In this respect, Russian strategic interests converge with some local vested interests in Croatia to operate INA for their own benefit, sacrificing the company’s modernization by MOL, and expecting the Croatian state to cover the losses. An unmodernized INA, handicapped by Croatian restrictions against MOL’s investments, would then become an easy target for Russian takeover, on the familiar scenario using local interest groups. Croatian politicians are caught between energy sector modernization imperatives on one side, and populist appeals to keep INA out of “foreign hands” (Hungarian in this case) on the other side, even as Croatia is poised to join the European Union.

Croatia’s parliamentary elections, due in December, increase the politicians’ populist temptations. Conversely, the signing of Croatia’s accession treaty with the EU, scheduled also for December and subject to ratification, counsels adherence to European law. On September 29, the EU set the December date for the signing of Croatia’s accession treaty; and it was also on September 29 that the government in Zagreb submitted the discriminatory legal amendments to Brussels for review, rather than endorsing them as planned. A legal opinion by the European Commission, that the proposed amendments contravene European law, seems likely to result, based strictly on the merits of the case.
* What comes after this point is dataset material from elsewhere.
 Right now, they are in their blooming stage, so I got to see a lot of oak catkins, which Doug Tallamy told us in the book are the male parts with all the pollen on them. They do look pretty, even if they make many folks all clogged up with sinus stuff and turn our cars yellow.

The proposed amendments to the INA privatization act would bar any entity other than Croatia’s government from owning more than 49 percent of INA. Designed specifically against MOL and singling out INA, the amendments challenge the EU’s competition law, the free movement of capital within the EU and other aspects of the acquis communautaire, as well as Croatia’s pre-accession commitments to privatization of INA.

Croatia’s competition agency, as well as the country’s commission monitoring the EU accession negotiations, had publicly cautioned against endorsement of the proposed amendments by the government’s September 29 meeting. The agency and the commission noted that such a move would force a re-opening of accession treaty chapters that have already been negotiated and successfully closed, thus potentially jeopardizing Croatia’s accession at the last moment. Moreover, the EU will continue monitoring Croatia’s implementation of the accession treaty’s provisions after the treaty’s signing, during the ratification process and beyond (Jutarnji List, EurActiv, September 30).
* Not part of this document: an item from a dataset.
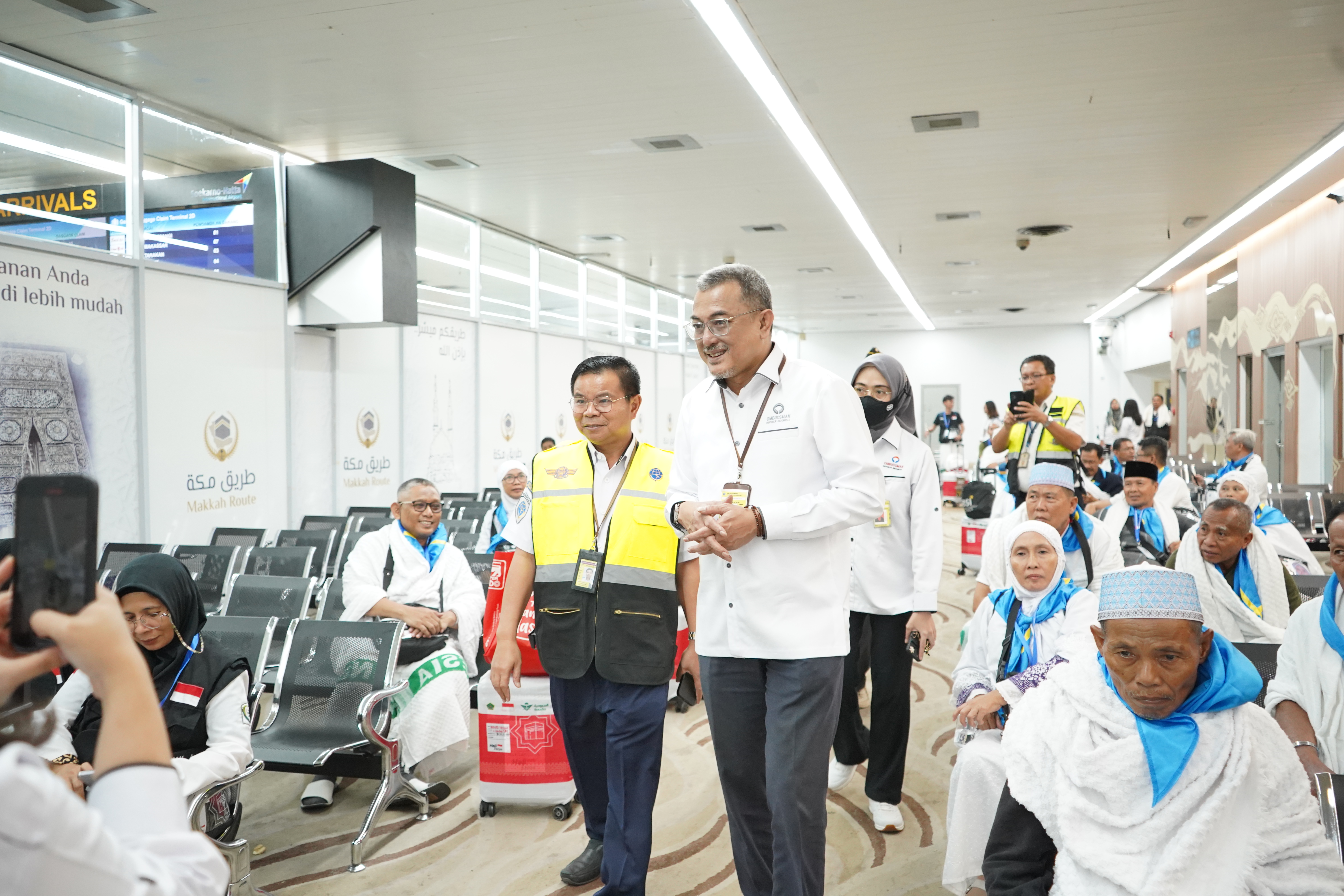 Jakarta - Anggota Ombudsman RI Indraza Marzuki Rais didampingi oleh Kepala Bidang Angkutan Udara dan Kelaikudaraan Otoritas Bandara Udara Wilayah I Kelas Utama Purnama melakukan pemantauan terkait pelayanan publik pemberangkatan calon jemaah haji tahun 2024 di Bandara Soekarno Hatta, Tangerang pada Kamis (6/6/2024).

Attention to this issue from Brussels can help Croatian politicians off the populist hook during their parliamentary election campaign. Beyond domestic politics and EU law, however, MOL’s modernization of INA and Croatia’s integration in the evolving EU energy market clearly answer to Croatia’s national interests. Zagreb energy officials, such as Davor Stern, militating against MOL (and concurrently for Croatia to join Gazprom’s South Stream project) hold an opposite view of the national interest. Stern for example admits to long-standing Moscow connections, but claims to be promoting “national interests” by attempting to block MOL’s modernization of INA and advocating for Gazprom in Croatia.

In a separate procedure, Croatian authorities are investigating the former prime minister and deputy prime minister, Ivo Sanader and Damir Polancec, on allegations that MOL bribed them into approving a shareholders’ agreement that gave MOL operational control of INA’s management. No evidence has turned up that would compromise MOL after almost one year of politically-driven investigative efforts. The allegations stem mainly from a local businessman trying to plea-bargain his way out of other investigations that are targeting his companies. Hungarian authorities have offered to cooperate with Croatia’s investigation. Hungarian President, Pal Schmitt, renewed this standing offer on June 30 to Croatia’s visiting President, Ivo Josipovic (MTI, September 30).

Since acquiring operational control of INA with 47 percent of ownership shares in 2009, MOL has introduced European best-practices in INA’s management (practices that had turned MOL itself into a Central European leader); cleaned up socialist-legacy corrupt practices from INA; turned it from a chronically loss-making company into a profitable one; completed the first phase of INA’s refinery upgrade program; continued investing into it during the recession; and spearheaded efforts to interconnect Croatia with Central Europe and the EU’s evolving, unified energy market.